Single by Bizarre Inc

from the album Energique
- A-side: "Playing with Knives" (Quadrant Mix)
- B-side: "Plutonic"
- Released: 1991 1999 (remixes)
- Recorded: 1991 (Out of the Blue Studios, Manchester)
- Genre: House; breakbeat hardcore; rave; techno;
- Length: 6:46 (Quadrant Mix); 3:22 (radio edit/video version); 3:19 (1999 version radio edit);
- Label: Vinyl Solution
- Songwriter(s): Andrew Meecham; Dean Meredith; Carl Turner;
- Producer(s): Bizarre Inc

Bizarre Inc singles chronology
| "Bizarre Theme" / "X-Static" (1991) | "Playing with Knives" (1991) | "I'm Gonna Get You" (1992) |

Music video
- "Playing with Knives" on YouTube

= Playing with Knives =

"Playing with Knives" is a song by British electronic dance music group Bizarre Inc. It was their second single released through Vinyl Solution (their fourth single overall), as well as their second single to be written and produced as a trio. It is also the first single from their debut full-length album, Energique (1992). The song originally reached number 43 in the UK Singles Chart in March 1991. It was re-released later the same year and peaked at number four in the UK charts. In 1999, the song was released for a third time, charting at a peak of number 30.

==Critical reception==
Ned Raggett from AllMusic found that the song "has a wonderful squelching lead hook, leading into the mid-song shift to vocals and piano effortlessly." Larry Flick from Billboard magazine noted that it "spills industrial/acid keyboard noises on top of a fast-paced house groove". He added, "Nice contrast comes via occasional disco strings and diva wailing. Totally wild." James Hamilton from Music Week complimented the track as a "frantic exciting rave". Mandi James from NME felt it showed "their scope, imagination and innate skill for pure pop songs". Another NME editor, James Brown, wrote, "Token Techno track for people who prefer twisting and rolling at the hips to lying between the sheets listening to Peel. And a fine sound it is too." Richie Blackmore from Record Mirror described it as a "furious piano-techno workout" that "is certainly at the cutting edge of current trends". Marc Andrews from Smash Hits commented, "Throbbing "basslines" laced with meaningless phrases and there you have it. But just try sitting still when it's played at your next tea dance."

==Impact and legacy==
NME ranked "Playing with Knives" number 14 in their list of "Singles of the Year" in December 1991.

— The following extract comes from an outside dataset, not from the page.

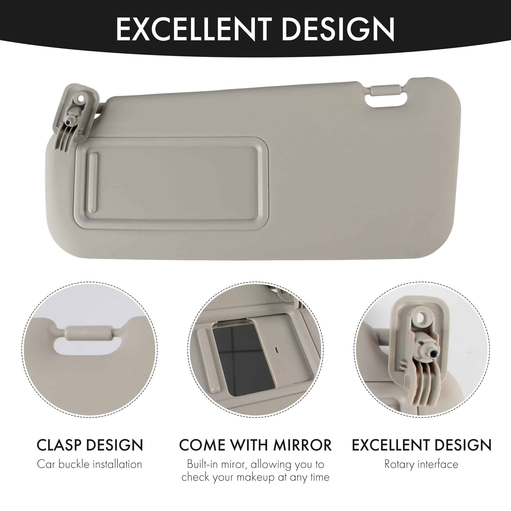 REEMPLAZA NÚMERO DE PARTE Números de Parte de Reemplazo: BBM2-69-320C-75, BBM3-69-320C-75. Antes de ordenar, por favor confirme la compatibilidad y adecuación para su vehículo para asegurar un ajuste correcto. COMPATIBILIDAD Modelos Compatibles: Visera solar del lado del conductor izquierdo delantero, compatible con modelos Mazda 3 del 2009-2012. Asegúrese que esta parte coincida con el año y modelo de su vehículo específico antes de comprar. FUNCIONES MÚLTIPLES Características Incorporadas: Esta visera solar viene con luces y espejos integrados, proporcionando protección integral contra el deslumbramiento del sol desde el frente y el lado. Ayuda a proteger sus ojos contra la luz solar directa mientras conduce, mejorando la visibilidad y la seguridad. FÁCIL DE INSTALAR Instalación Sencilla: Diseñada para una instalación fácil sin necesidad de tornillos. Puede reemplazar directamente su vieja o dañada visera solar. Instale parcialmente la cubierta del soporte en el soporte de la visera solar, asegurando que ambas garras de ajuste temporales estén comprometidas para un ajuste seguro. SERVICIO POST-VENTA Garantía y Soporte: Ofrecemos 1 año de garantía en nuestro producto. ¡Compre con confianza! Si tiene alguna pregunta o inquietud sobre nuestro producto, no dude en contactarnos y abordaremos su problema lo antes posible.

Clubbing magazine Mixmag ranked the song number 24 in its "100 Greatest Dance Singles Of All Time" list in 1996.

Same year, English DJ Tall Paul named it one of his Top 10 tracks, saying, "I don't know why this hasn't been reissued yet. I've seen so many bootlegs. It's just waiting to be brought out again."

Alexis Petridis, writing for The Guardian in 2020, ranked the Quadrant Mix of "Playing with Knives" at number 13 in his list of his 25 best early '90s breakbeat hardcore tracks.

Classic Pop ranked it number 39 in their list of the 40 top dance tracks from the 90's in February 2022.

==Sampling and covers versions==
- "Playing with Knives" uses vocal samples from the 1990 house track "Shelter Me" by Circuit. Later in 1991, Circuit released a remix of "Shelter Me" known as the Retaliation Mix, which itself samples the acid bassline from "Playing with Knives".
- The American/British act Blue Pearl used the song as their basis for their 1991 single "(Can You) Feel the Passion," which went on to be a bigger hit in the United States, reaching number one on Billboard's Dance Club Songs chart in 1992. The group mentions "Playing with Knives" in the chorus.
- Parts of the song were sampled in the 1994 hit dance single "The Rhythm of the Night" by Corona.
- In 2006 Big Bass vs Michelle Narine remixed it as "What you do (Playing With Knives)"
- In 2014 the song's sample was used in the single "Got to Be Good" by Peter Gelderblom and Randy Colle.
- In 2015 a sample appeared in "Ruffnek" by FineArt.
- Elements of the song can be heard in the chorus hook of the Pet Shop Boys' 2016 single "The Pop Kids."
- The piano riffs was sampled in RatPack’s 2017 track “Got To Have Your Love.”
- English musician Shygirl sampled the song in her single "TASTY".

==Track listings==

- 1991 release (STORM 25) – Playing with Knives
 A1. "Playing with Knives" (Quadrant Mix)
 B1. "Playing with Dub"
 B2. "Strings"

- 1991 release (STORM 25R) – Playing with Knives (The Climax)
 A1. "Playing with Knives" (The Climax)
 B1. "Playing with Knives" (Love 91)
 B2. "Playing with Knives" (Quadrant Radio Mix)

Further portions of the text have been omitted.